**Task objective:** Output exactly, and only, the lines below from the one with "一名男網友分享他與前度女友的" down to the one with "FSLE Ice fog". Include both end lines and no pictures.

**Data to use:**
-----

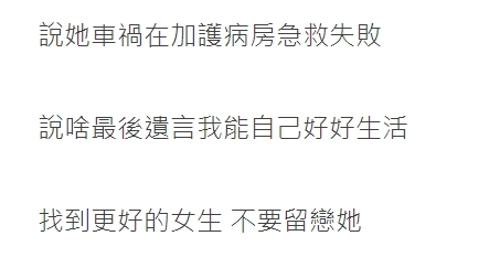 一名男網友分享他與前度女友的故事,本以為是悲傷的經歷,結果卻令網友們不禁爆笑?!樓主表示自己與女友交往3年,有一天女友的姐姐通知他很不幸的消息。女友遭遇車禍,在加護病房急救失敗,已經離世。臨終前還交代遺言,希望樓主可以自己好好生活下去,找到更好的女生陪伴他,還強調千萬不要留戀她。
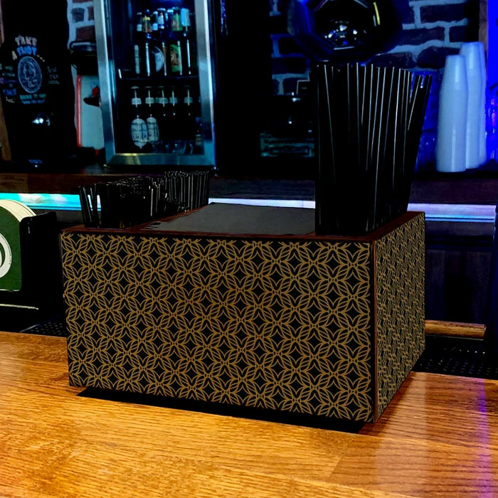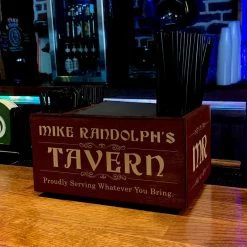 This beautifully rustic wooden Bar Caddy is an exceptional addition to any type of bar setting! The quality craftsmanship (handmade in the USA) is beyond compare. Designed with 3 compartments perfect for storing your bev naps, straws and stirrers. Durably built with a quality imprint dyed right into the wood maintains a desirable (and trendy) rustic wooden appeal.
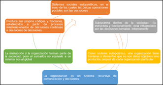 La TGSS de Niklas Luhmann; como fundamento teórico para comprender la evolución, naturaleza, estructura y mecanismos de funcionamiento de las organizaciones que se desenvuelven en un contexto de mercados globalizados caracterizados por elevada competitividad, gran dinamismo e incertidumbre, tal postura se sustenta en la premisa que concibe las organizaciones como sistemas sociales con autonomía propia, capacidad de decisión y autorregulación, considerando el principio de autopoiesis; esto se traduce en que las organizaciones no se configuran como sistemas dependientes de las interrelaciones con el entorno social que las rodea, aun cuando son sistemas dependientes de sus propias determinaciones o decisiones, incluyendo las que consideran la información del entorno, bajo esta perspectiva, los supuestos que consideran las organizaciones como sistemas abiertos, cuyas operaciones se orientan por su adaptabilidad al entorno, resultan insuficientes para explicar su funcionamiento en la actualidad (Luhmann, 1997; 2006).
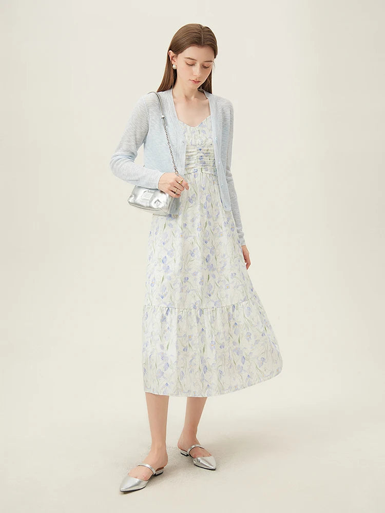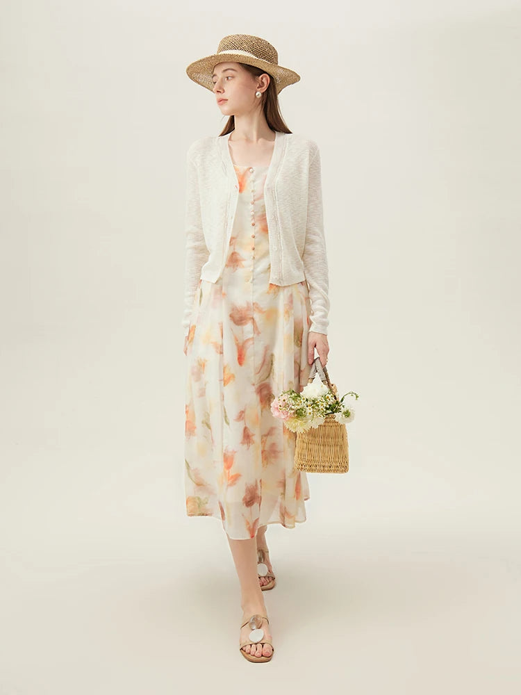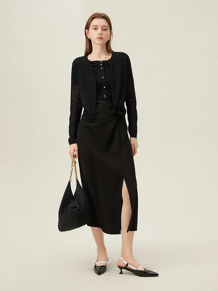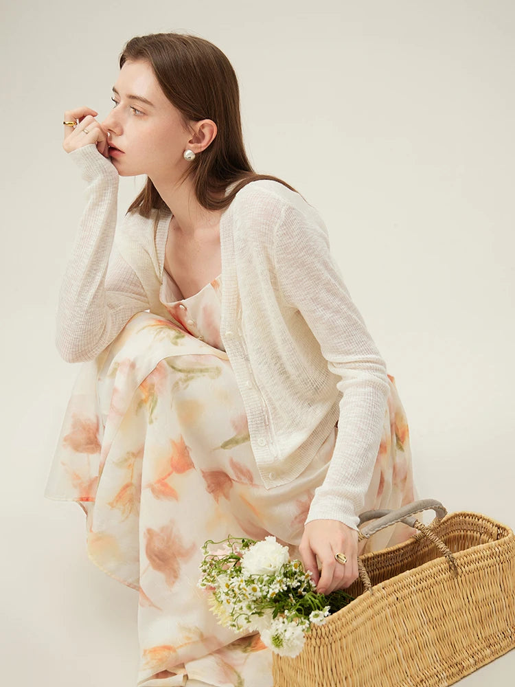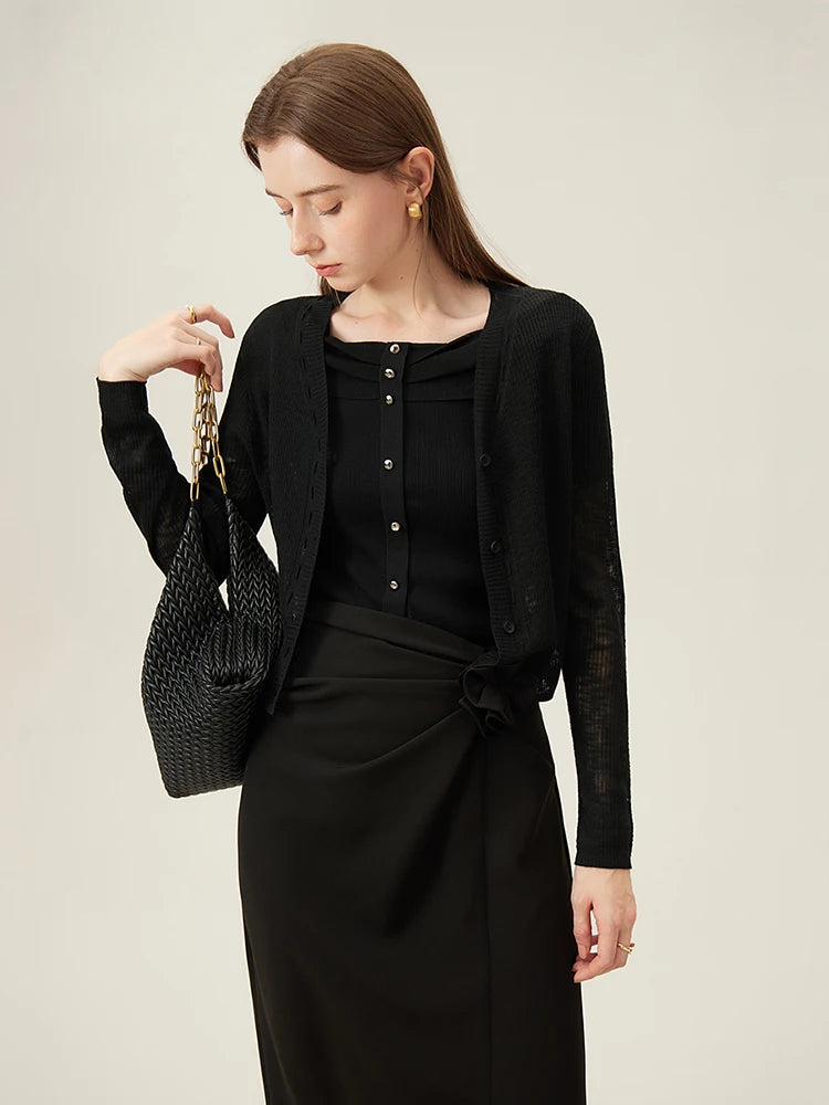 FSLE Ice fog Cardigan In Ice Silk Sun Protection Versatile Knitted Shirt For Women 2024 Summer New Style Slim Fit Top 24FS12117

-----

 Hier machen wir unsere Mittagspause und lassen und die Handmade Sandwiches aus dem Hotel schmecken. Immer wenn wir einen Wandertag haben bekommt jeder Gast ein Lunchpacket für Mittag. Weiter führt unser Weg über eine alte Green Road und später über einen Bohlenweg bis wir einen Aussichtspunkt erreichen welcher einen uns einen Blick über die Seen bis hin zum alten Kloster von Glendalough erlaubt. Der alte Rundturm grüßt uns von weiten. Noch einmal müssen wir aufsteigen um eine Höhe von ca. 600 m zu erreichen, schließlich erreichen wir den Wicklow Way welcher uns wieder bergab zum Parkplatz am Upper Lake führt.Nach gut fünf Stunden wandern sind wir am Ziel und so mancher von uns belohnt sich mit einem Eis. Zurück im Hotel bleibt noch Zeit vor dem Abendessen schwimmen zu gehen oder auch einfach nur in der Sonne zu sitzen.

-----

**Answer to the problem:**
 一名男網友分享他與前度女友的故事,本以為是悲傷的經歷,結果卻令網友們不禁爆笑?!樓主表示自己與女友交往3年,有一天女友的姐姐通知他很不幸的消息。女友遭遇車禍,在加護病房急救失敗,已經離世。臨終前還交代遺言,希望樓主可以自己好好生活下去,找到更好的女生陪伴他,還強調千萬不要留戀她。
 This beautifully rustic wooden Bar Caddy is an exceptional addition to any type of bar setting! The quality craftsmanship (handmade in the USA) is beyond compare. Designed with 3 compartments perfect for storing your bev naps, straws and stirrers. Durably built with a quality imprint dyed right into the wood maintains a desirable (and trendy) rustic wooden appeal.
 La TGSS de Niklas Luhmann; como fundamento teórico para comprender la evolución, naturaleza, estructura y mecanismos de funcionamiento de las organizaciones que se desenvuelven en un contexto de mercados globalizados caracterizados por elevada competitividad, gran dinamismo e incertidumbre, tal postura se sustenta en la premisa que concibe las organizaciones como sistemas sociales con autonomía propia, capacidad de decisión y autorregulación, considerando el principio de autopoiesis; esto se traduce en que las organizaciones no se configuran como sistemas dependientes de las interrelaciones con el entorno social que las rodea, aun cuando son sistemas dependientes de sus propias determinaciones o decisiones, incluyendo las que consideran la información del entorno, bajo esta perspectiva, los supuestos que consideran las organizaciones como sistemas abiertos, cuyas operaciones se orientan por su adaptabilidad al entorno, resultan insuficientes para explicar su funcionamiento en la actualidad (Luhmann, 1997; 2006).
 FSLE Ice fog Cardigan In Ice Silk Sun Protection Versatile Knitted Shirt For Women 2024 Summer New Style Slim Fit Top 24FS12117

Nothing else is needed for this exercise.